Where the mean is 27, the median is 18. In such a case I think the median is a better measure for us. This was just a random test with a few pages, we could look into this more closely too 🤔

ifried updated the task description. (Show Details)

@Prtksxna I'm also inclined to think that median is a more useful number. Meanwhile, the mean/average is more likely to have misleading numbers. Thanks for the analysis. I'll reach out to some community members below to see what they think as well.
@Insertcleverphrasehere We discussed this work on Meta-Wiki, but I would love for you take a look at the requirements (listed in this ticket) and see if they look good to you. With this change, the user would not be able to filter or sort by page views, but they would see the number of page views in the article record. Would this be helpful to reviewers? And do you think the median is more useful than the mean/average? Thanks!
@Barkeep49 I know you mentioned on Meta-Wiki that you weren't sure if this work was useful. However, since you participated in the discussion, I would love to hear your feedback as well (now that we have ironed out more requirements and can present a basic mockup). Do you think that this listing would be useful, in its current proposed form? And, if so, do you think the median is a more useful number than the mean/average? Thanks!

ifried updated the task description. (Show Details)

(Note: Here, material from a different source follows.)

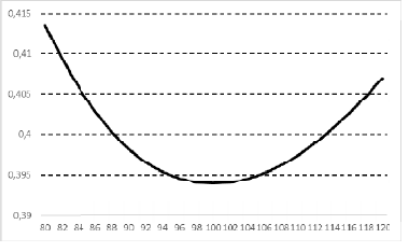 The volatility smile (volatility smile) is a graphical representation of the dependence of implied volatility on strike for options with the same time to expiration. Typically, implied volatility tends to increase for both deep in-the-money and deep out-of-the-money options, creating a shape resembling a smile.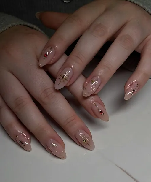 Золотые бусинки на глянцевой базе добавляют маникюру нарядности. Их можно плотно закрепить топом, чтобы не беспокоится о том, что они могут за что-то зацепиться.

I think it is useful, I just don't know if it is going to be useful for the time it takes to do. However, some chunk of that seems like it's already been done. But beyond all that median seems like the right gauge for me. I assume the number will be calculated correctly so that if an article is 5 days old the other 25 days are null not 0.

@Barkeep49 Thanks for the feedback! We're proposing this alternative because we don't think it will take a very long time, especially compared to the original request. And, yes, the calculation of the median would depend on when the article was created. If the article was created less than 30 days ago, the calculation would be based on the date of creation rather than from 30 days total.

I'm not sure that this is useful at all. It's not something that will help me with my patrolling. Maybe I'm missing something, but a new page, unpatrolled and thus non indexed, shouldn't have any page views except by its creator and/or reviewers.

I am also concerned that every new piece of page meta information we now start adding to the entries in the feed will not only introduce clutter to add to a patroller's bewilderment - I'm thinking here in terms related to Banner Blindness, a phenomenon well researched by information scientists, well before the advent of the Internet.

The addition of many more snippets of information may also lead to a slowing down of the loading/rendering of the feed.

This proposal failed to reached consensus, so we'll leave it as an open ticket, if things change at a later date and another team would like to take it on. I'm removing the Community Tech tag from this ticket, as we've now wrapped up the Page Curation Improvements project. More details on the project and its final outcomes can be found on the Page Curation Improvements project page. Thanks!